If you grew up in the 1980s, or had children who did, there's a good chance you spent hours thumbing through the pages of the Australian Women's Weekly Children's Birthday Cake Book.

Kids would search its pages for something more dazzling than the year before - the racing car, the fairy castle, the lolly-filled tip truck - while parents silently hoped they'd choose something simpler than the multi- carriage train on the cover.

The book has sold more than 500,000 copies since it was first published in 1980, and despite being out of print in recent years, it even has its own Facebook fan group, with more than 6500 members.

Now, new generations of children are set to fight over their favourite sugary construction, with a new vintage edition of the book back on shelves. The new edition has most of the original recipes and photographs, along with detailed instructions on how to make licorice eyelashes and marshmallow flowers. For the most part the cakes look charmingly homemade and ever-so-slightly shonky rather than smoothly professional, which is comforting for parents who feel life's too short to master the art of rolling fondant icing or creating cowboys out of marzipan. There's no need to fret about baking the actual cake either - the experts recommend using packet mixes so you can devote more time to the decoration process.

Australian Women's Weekly food director Pamela Clark says the relaunch means "everyone can share the nostalgia of the cakes they grew up with and introduce them to a whole new generation of children".

"It is a true collectors' cookbook," she says.

"It doesn't just appeal to mums with small children, but to Generation Ys and Generation Xs who grew up with their mums making cakes from the book for them. They have a strong sense of nostalgia and want the book for its own sake, to make cakes for their friends, not just for children."

Clark, who was part of the team who spent about a year creating cakes for the original book, says she doesn't think birthday cake trends have changed too much in the last 30 years.

"People still love to use butter cream to spread onto cakes, then use lollies and bits and pieces to make the cakes child-friendly. Parents still want to devote a lot of time to making children's birthday cakes, almost regardless of their difficulty and how time-absorbing they might be."

Swimming Pool Birthday Cake

This cake is best eaten on the day it is decorated.

1 packet butter cake mix

100g packet lime jelly crystals

1 quantity chocolate Vienna Cream (recipe follows)

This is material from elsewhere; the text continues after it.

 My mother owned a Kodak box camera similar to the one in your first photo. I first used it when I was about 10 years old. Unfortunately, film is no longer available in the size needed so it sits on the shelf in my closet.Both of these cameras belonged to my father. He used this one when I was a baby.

2 x 150g packets chocolate biscuit sticks

2 musk sticks


Assorted food colourings

Assorted round sweets

Small dolls

Jube rings

Green sprinkles


Jelly snakes

Small paper umbrella

Make cake according to directions on packet, spoon evenly into a greased deep 20cm (8in) round cake tin and bake in a moderate oven for 50 minutes or until cooked when tested. Turn cake on to wire rack to cool. Make up jelly as directed on packet; refrigerate until set. Trim top of cake so that it is flat; cut around top about 1cm in from edge to make wall of swimming pool. Using a small, sharp knife, hollow out centre of cake to 2.5cm deep to form a recess for jelly.

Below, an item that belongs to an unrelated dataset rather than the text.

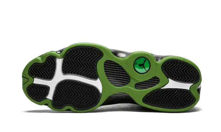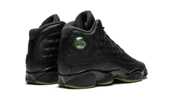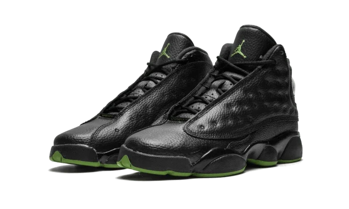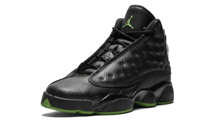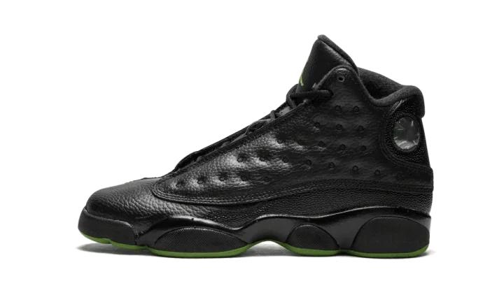 The Air Jordan 13 "Altitude" that came out in 2017 is an update on the original colorway that was first released in 2005. This Air Jordan 13 "Altitude" is the grade school edition and features a predominantly black makeup with an Altitude Green outsole. The sneaker features a tumbled leather upper with a dimpled texture on the side panels. Stingray detailing accents the heel. The holographic element on the ankle showcases a Jumpman logo and Jordan's number 23.

Spread sides and edge of cake with chocolate Vienna Cream. Arrange chocolate biscuit sticks evenly around cake, leaving an opening of about 5cm. Use musk sticks and licorice to make ladder. Mash set jelly with fork, and spoon into the recess of the cake to represent water.

Paint stripes of food colouring on to small, round sweets to represent beach balls. Small dolls can be pushed through jube rings to represent children in rubber floats.

Spread a little cream on heads of dolls, dip in green sprinkles (these represent bathing caps). Bathing suits can be painted on dolls with nailpolish. Make a rubber mattress from jelly snakes trimmed to about 5cm and joined together with a little chocolate cream. Add paper umbrella, as shown.

Chocolate Vienna Cream

125g butter

1 ½ cups icing sugar

2 Tbsp cocoa

2 Tbsp milk

Sift the icing sugar and cocoa together. Have the butter and milk at room temperature, and put them in the small bowl of an electric mixer. Beat until butter is as white as possible. Gradually add about half the icing sugar and cocoa, beating constantly. Add the milk gradually, then gradually beat in the remaining icing sugar and cocoa. The mixture should be smooth and easy to spread with a spatula.

The Australian Women's Weekly Children's Birthday Cake Book (ACP Books), RRP $16.95.